The Fisherman's Son by Michael Koepf

The Fisherman's Son by Michael Koepf

Author:Michael Koepf [Köepf, Michael]
Language: eng
Format: epub
ISBN: 978-0-307-76686-1
Publisher: Crown
Published: 2010-10-06T00:00:00+00:00


His mother was in a “secret pal” club. Each month she sent and received a present, each recipient not knowing who the sender was. After several months, the women had a party to reveal themselves to one another. Most of the women were fishermen’s wives—his mother’s friends from the cannery. They opened their gifts with glee, gifts they never received from their husbands, gone on the sea. They exchanged things that made them look and smell better, knick-knacks, cheap copies of things movie stars and rich magazine women had in their homes: plastic fruit bowls made to look like crystal; plaster-of-paris ballerinas, made in Japan, that danced on top of music boxes like expensive French porcelains. Sometimes these same women dressed up for Tupperware parties and get-togethers where salesmen who looked nothing like fishermen sold pots and pans. The women spoke of better homes they would someday get to live in, homes without stacks of crab pots in the yard. Neil knew his mother wanted more out of life than a full bin of silver fish, or a four-day nap in the wind. The sea had made his father a solitary seabird. His mother, on the land, was a social swallow, flying this way and that in pursuit of her dream. She was now a full-fledged member of the Rebecca’s Lodge, the club Father Kerrigan came to warn her about, a club that was Protestant to the point of mortal sin.

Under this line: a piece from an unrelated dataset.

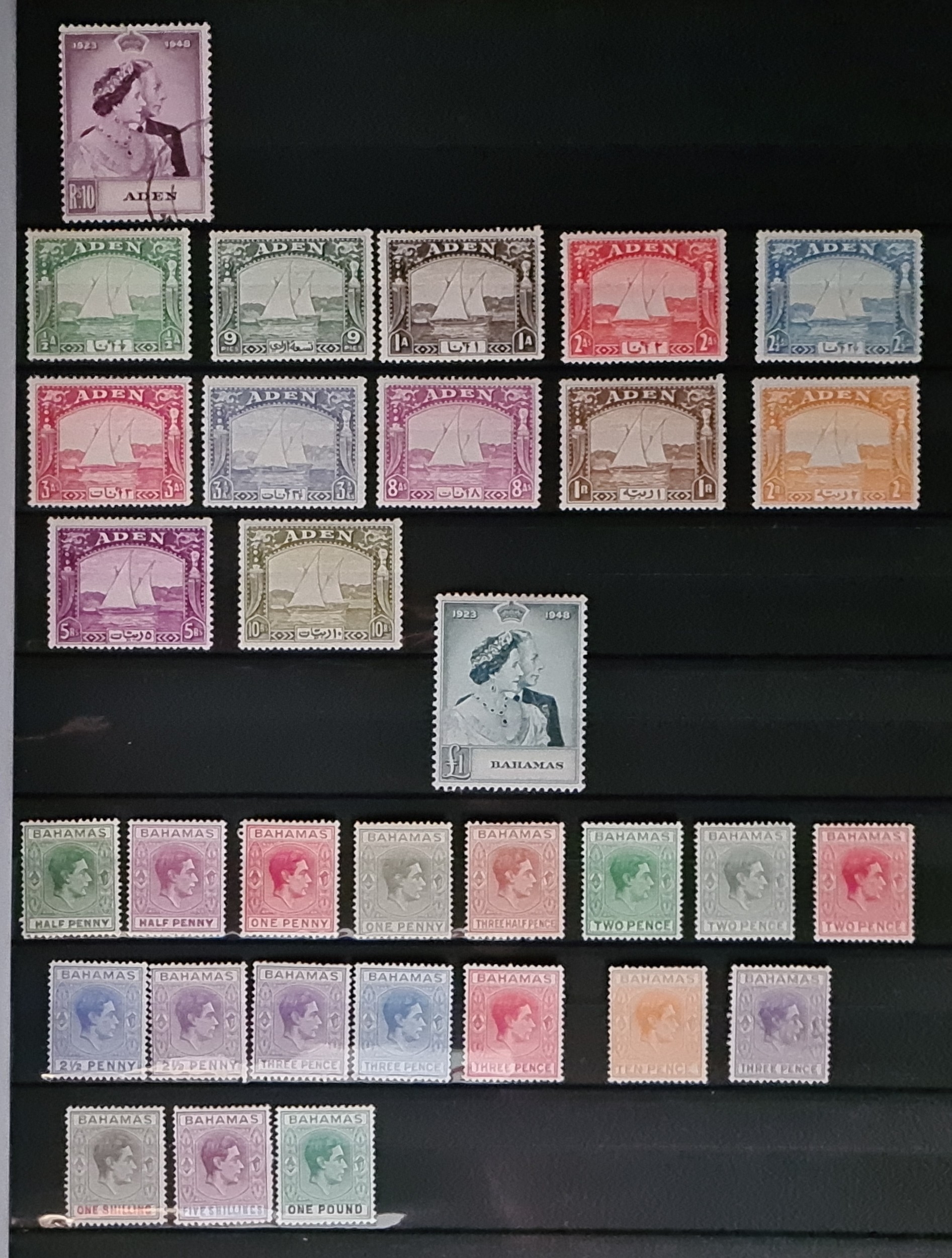 1937-52 KGVI MINT COLLECTION in a stock book with many better sets & 1948 RSW issues. inc. complete sets of 1937 Aden 'Dhows', 1938 sets of Bahamas, Basutoland, Bermuda (ex later 2d & 3d), British Honduras, Cyprus, Falklands, Gibraltar, KUT, Montserrat, Newfoundland, Nyasaland & Somaliland plus 1948 RSW high values from most of the afore mentioned countries plus Ascension, Bechuanaland Prot, Malta, Seychelles, Sierra Leone, Trinidad & Tobago, Turks & Caicos & Virgin Islands; with Aden, Cyprus, Hong Kong & Somaliland being used. Also inc. several Postage Due sets inc. the Southern Rhodesia 1951 set with the 4d grey green being fu. but has forged overprint plus 1950s definitive sets from the period. Fine lot catalogued in excess of £6,250. (100s)
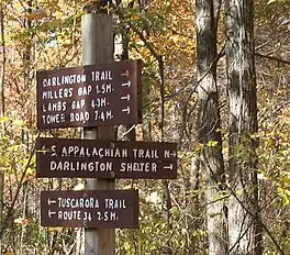 The Darlington Trail predates the Appalachian Trail, and was founded in 1908 by the former Pennsylvania Alpine Club. It was named for the secretary of the club, Bishop Darlington of St. Stephen's Cathedral in Harrisburg.[1] The trail was originally much longer, reaching from near Chambersburg in the southwest to a vista over the Susquehanna River at its northeastern end. The trail was adopted by the Susquehanna Appalachian Trail Club in 1954, after it had mostly deteriorated. A portion of the original route was later incorporated into the Appalachian Trail.[2][3] Near the trail's present western end, Darlington Shelter is commonly used by hikers on the Tuscarora and Appalachian Trails.[4] The Darlington Trail also features two evenly-spaced camping shelters of its own at Millers Gap and Lambs Gap.[1]

On Friday nights, she would go to the Rebecca’s meeting upstairs at the Odd Fellows Hall on Main Street in town, while he and Paul went to the movies. One night they came back from the show early, waiting in a kitchen with long tables for her meeting to finish. The entrance to the meeting room was blocked by a big door, which had a peephole in it, covered by a swinging oval of wood. The door was guarded by a huge woman in an apron, who worked in the kitchen. When the woman wasn’t looking, he and Paul stole a peek through the peephole.

What they saw was a wonder, an astonishment: On a platform in the center of the room, a line of women sat like a court of stately queens and obedient princesses. Their mother, dressed in a pink satin gown with a floral corsage pinned to her waist, paraded before the platform, along with other women wearing satin gowns and broad sashes of silk. Their mother looked like a movie star in a musical. Neil and Paul could see Bernice Bergstrom—she was one of the ladies on a throne. At the cannery, Ott’s wife was just another woman standing on the fish line, digging her fingers into cooked fish. Here, she was a queen, ruling a court of housewives, cannery workers, and fishermen’s wives. The women were like magic caterpillars changing themselves into butterflies and back again anytime they chose. They lived in a world of secret dreams. They wanted more than the cold, constant world of the fishermen.